Condition or Disease | Intervention/Treatment | Phase |
---|---|---|
|
Phase 3 |
Study Design
Arms and Interventions
Arm | Intervention/Treatment |
---|---|
Experimental: NNC0365-3769 (Mim8) PPX Participants will receive Mim8 prophylaxis (PPX) subcutaneous (s.c.) injection using a prefilled fixed dose DV3407-C1 pen-injector. |
Drug: NNC0365-3769 (Mim8) PPX
Participants will receive Mim8 PPX once-weekly dosing (QW), once every two weeks dosing (Q2W), or once-monthly dosing s.c. injection using a prefilled fixed dose DV3407-C1 pen-injector for 26 weeks.
|
Outcome Measures
Primary Outcome Measures
- Number of treatment-emergent adverse events [From Visit 2 (week 0) until week 26]
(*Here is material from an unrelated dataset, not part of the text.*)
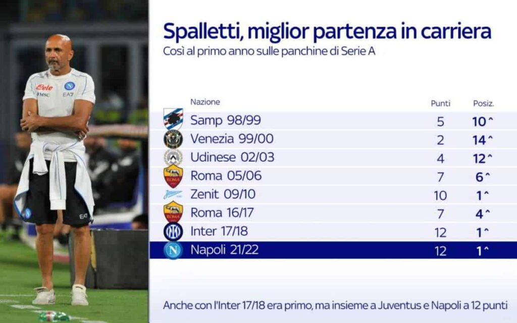 Spalletti ha conquistato un nuovo record: Punteggio pieno e primato solitario in classifica. Tra i precedenti storici a Napoli si ricordano altre partenze a punteggio pieno dopo quattro giornate (ma non c’era il primato solitario), oppure il primo posto da soli in classifica alla 4^ (ma non a punteggio pieno). Nessuno è come Spalletti, che era partito così bene in carriera solo con l’Inter.

Measured as count of events.
Secondary Outcome Measures
- Device handling experience using the Hemophilia Device Handling and Preference Assessment (HDHPA) questionnaire [Visit 8 (after 26 weeks of treatment)]
Measured as percentage of participants. HDHPA measures device handling experience and device preference. The measure consists of 26 items that are reported individually. it is measures in units: Percentage of participants = the distribution of participant answers within each response category, for each of the 26 individual items.
- Change in participants' treatment burden using the Hemophilia treatment experience measure (Hemo-TEM) total score [From Visit 2 (week 0) until end of treatment (up to 26 weeks)]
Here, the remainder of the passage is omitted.